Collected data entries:
□ □ □

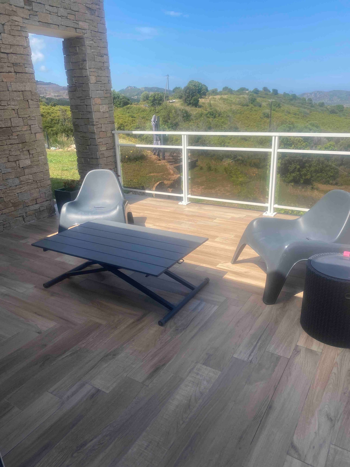 Charming new 2-room, modern, and comfortable. 2 minutes from Mount GOZZI (hiking), and the famous Gulf of Lava. (10 minutes From the Sea) Fully equipped kitchen, air conditioning, walk-in shower, separate toilet. 160 bed and bultex sofa bed. Washing machine and dishwasher. Very well equipped with all amenities. Large outdoor terrace with views of the Mountain. Close to a large shopping area, Auchan and Grand Leclerc. Very well located to visit the entire west coast of Corsica.
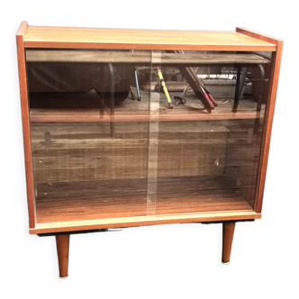 Double-sided glass counter with vintage sliding doors and tapered legs. The front and sides are glass, while the other side consists of 3 sliding doors with a central drawer. It is divided into 3 sections, each with a glass shelf. One side is stripped wood and the other retains its original white paint. The piece is in good overall condition, stable and solid with no signs of woodworm, and the glass is in good condition. Signs of wear are visible in the photos, no key included. Height: 84 cm. Width: 165 cm. Depth: 61 cm.
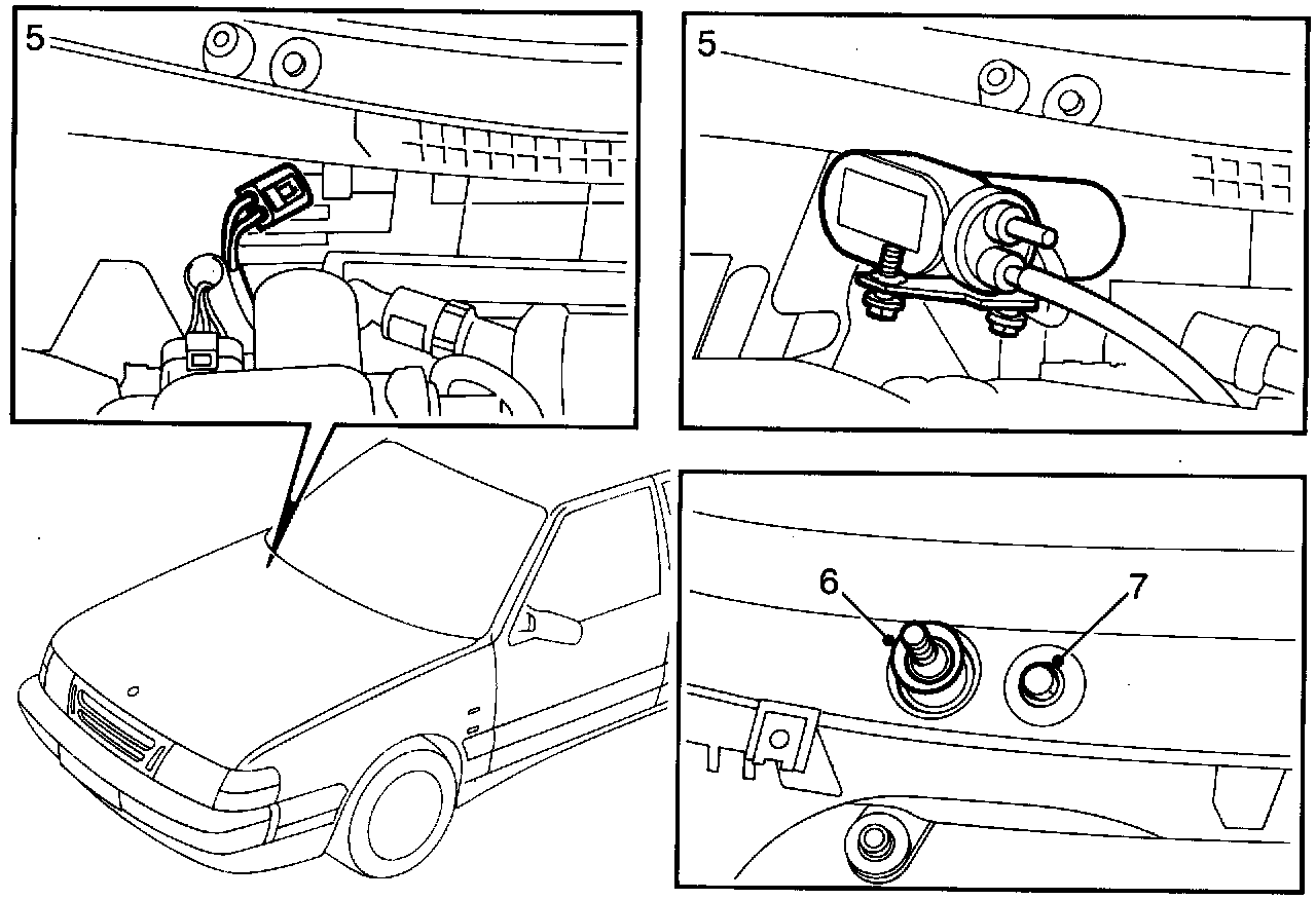 8 Reconnect the washer hose, install the cover panel and bonnet seal.
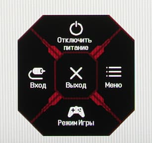Длительное нажатие, когда нет меню, выключает монитор. Короткое — включает. Из стартового меню можно выйти, перейти к выбору входа, к основному меню, в список выбора игрового режима (профиля изображения), или выключить монитор. Меню занимает на экране значительную площадь, что иногда мешает оценке вносимых изменений (для масштаба: белое поле — это вся область отображения):
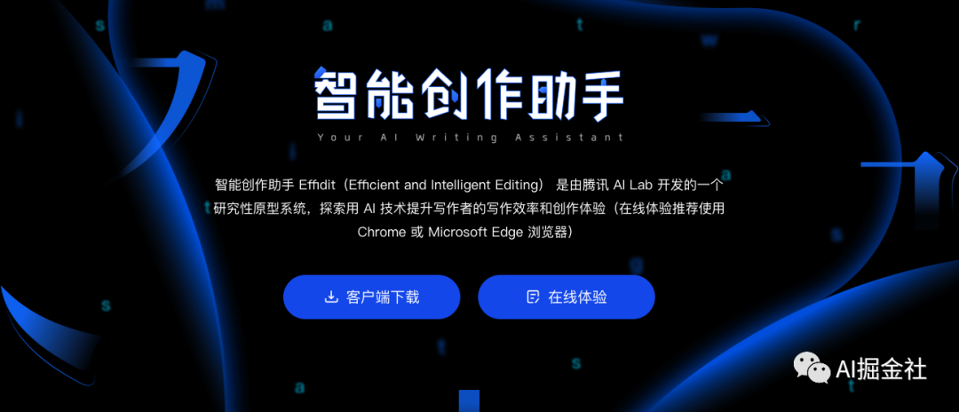 腾讯 AI Lab 研发的智能创作助手支持通用版和学术版两个版本,智能创作助手提供智能纠错、文本补全、文本改写、文本扩写、词语推荐、句子推荐与生成等功能,帮助您轻松完成中英文写作,提高写作效率

□ □ □

* Problem description: The entries above need to be repeated word for word, minus their pictures.

* Answer box:
 Charming new 2-room, modern, and comfortable. 2 minutes from Mount GOZZI (hiking), and the famous Gulf of Lava. (10 minutes From the Sea) Fully equipped kitchen, air conditioning, walk-in shower, separate toilet. 160 bed and bultex sofa bed. Washing machine and dishwasher. Very well equipped with all amenities. Large outdoor terrace with views of the Mountain. Close to a large shopping area, Auchan and Grand Leclerc. Very well located to visit the entire west coast of Corsica.
 Double-sided glass counter with vintage sliding doors and tapered legs. The front and sides are glass, while the other side consists of 3 sliding doors with a central drawer. It is divided into 3 sections, each with a glass shelf. One side is stripped wood and the other retains its original white paint. The piece is in good overall condition, stable and solid with no signs of woodworm, and the glass is in good condition. Signs of wear are visible in the photos, no key included. Height: 84 cm. Width: 165 cm. Depth: 61 cm.
 8 Reconnect the washer hose, install the cover panel and bonnet seal.
Длительное нажатие, когда нет меню, выключает монитор. Короткое — включает. Из стартового меню можно выйти, перейти к выбору входа, к основному меню, в список выбора игрового режима (профиля изображения), или выключить монитор. Меню занимает на экране значительную площадь, что иногда мешает оценке вносимых изменений (для масштаба: белое поле — это вся область отображения):
 腾讯 AI Lab 研发的智能创作助手支持通用版和学术版两个版本,智能创作助手提供智能纠错、文本补全、文本改写、文本扩写、词语推荐、句子推荐与生成等功能,帮助您轻松完成中英文写作,提高写作效率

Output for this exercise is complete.